An acquaintance who remembers his move to the bank said Savage was known as ``bright, and a neat, conservative dresser . . . but I never would have guessed that he would go so far.''

``What attracted me was not the bank, but the opportunity to get into bonds,'' Savage said.

After a few years in the bank's investment department, Savage said he decided to get into ``the mainstream of what banks really do'' - corporate lending. Savage became an account officer, making loans to various customers, including Boeing.

He later started the bank's public-finance group, now a separate subsidiary that underwrites municipal bonds, and later was in charge of the bank's asset-liability management department.

``I got to watch him as he moved up from one position to another,'' said Rice. ``He always did it with concern for other people.''

Savage's succession up the corporate ladder brought a series of titles: assistant vice president in 1975, vice president and regional manager of the national banking group in 1977, senior vice president and manager of commercial banking in 1983, and executive vice president and head of the treasury and capital markets division in 1986.
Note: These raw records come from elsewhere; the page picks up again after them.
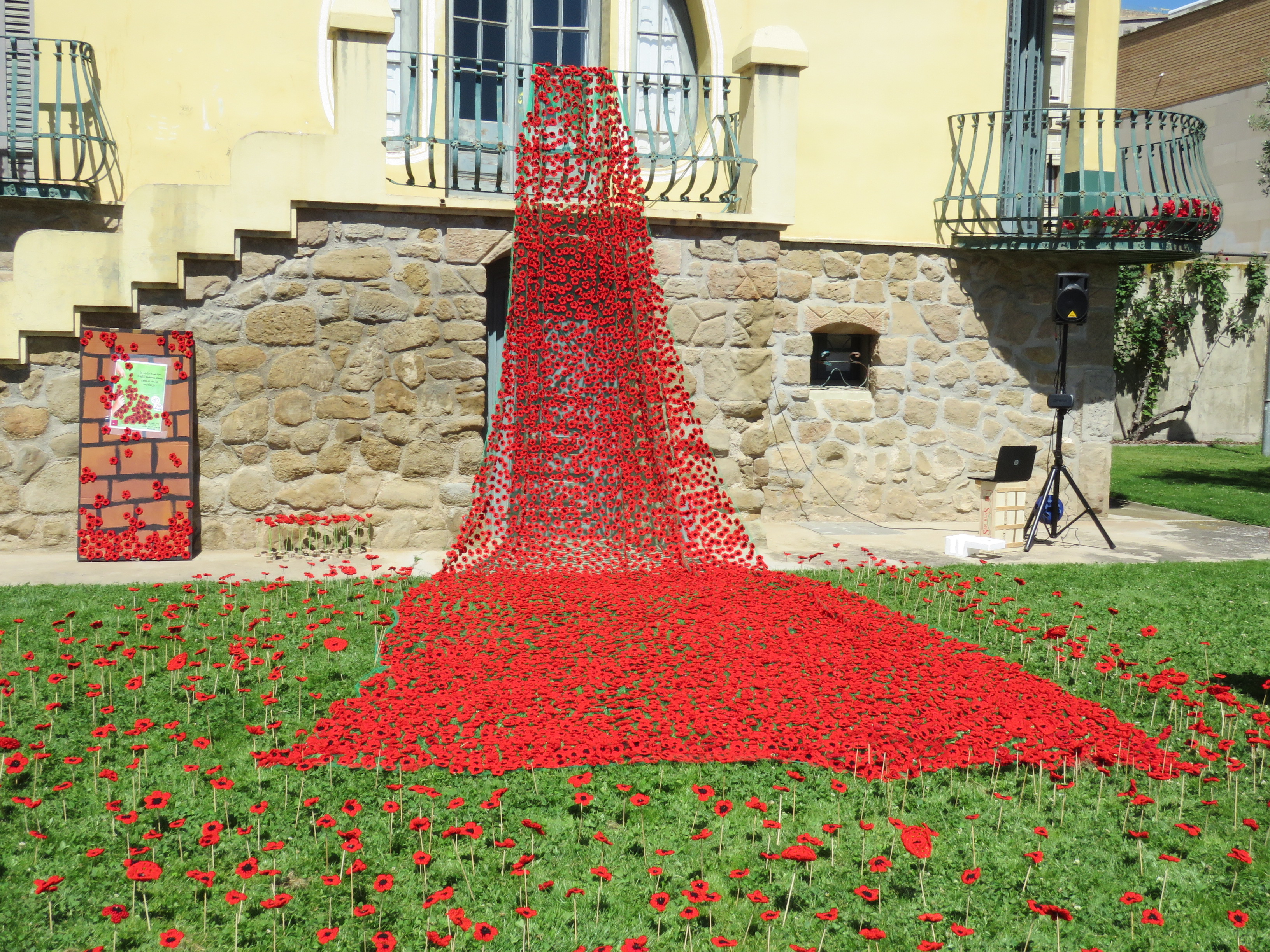 L'Associació l'Estel ha organitzat aquest dissabte una performance amb més d'un miler de roselles teixides a mà, per commemorar els 40 anys de l'Associació l'Estel i els 25 del Club Esportiu l'Estel.
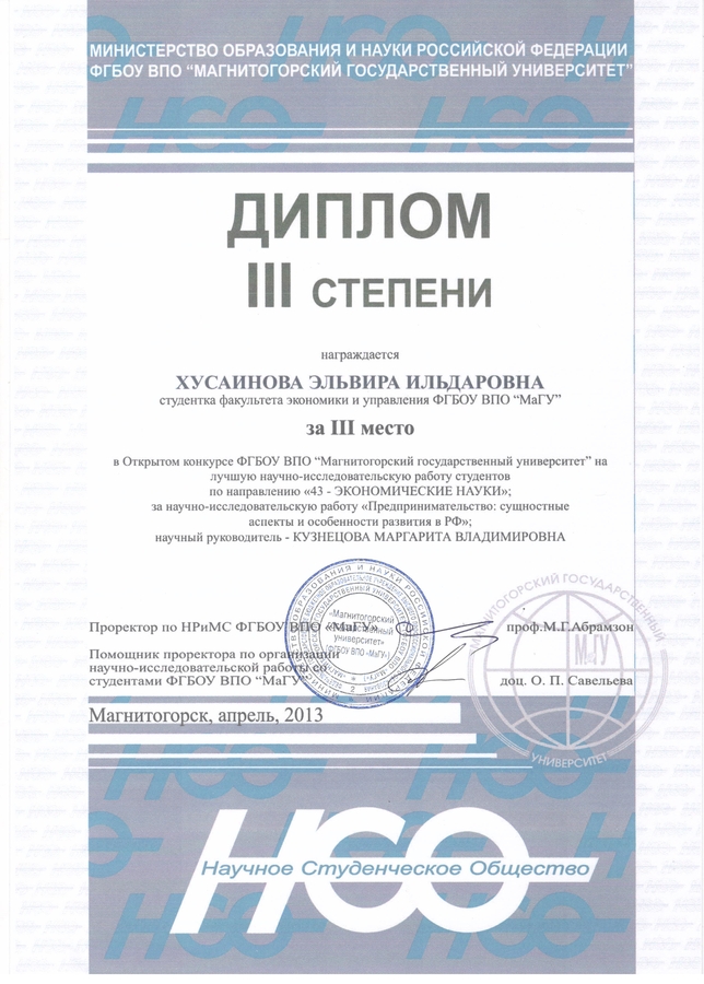 Диплом Хусаиновой Э.И.
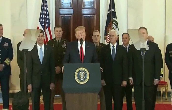 उन्होंने कहा कि चीन, रूस और ब्रिटेन को ईरान के खिलाफ अमेरिका का समर्थन करना चाहिए। ईरानी कमांडर जनरल कासिम सुलेमानी अमेरिका के खिलाफ साजिश रच रहा था। हमने बगदादी को भी मार दिया।

A year later, he was put in charge of merchant banking, and he was named vice chairman of the bank in 1988. He also holds the titles of president of Security Pacific Bancorp. Northwest and is chairman of Security Pacific Bank Oregon.

Savage's success suggests an interesting question: When you're 45 years old and the company president, where do you go from there?

``That's a good question, and I probably don't have a good answer for you,'' Savage said. ``There is plenty of challenge right here.''

Profile appears weekly in the Business Monday section of The Seattle Times.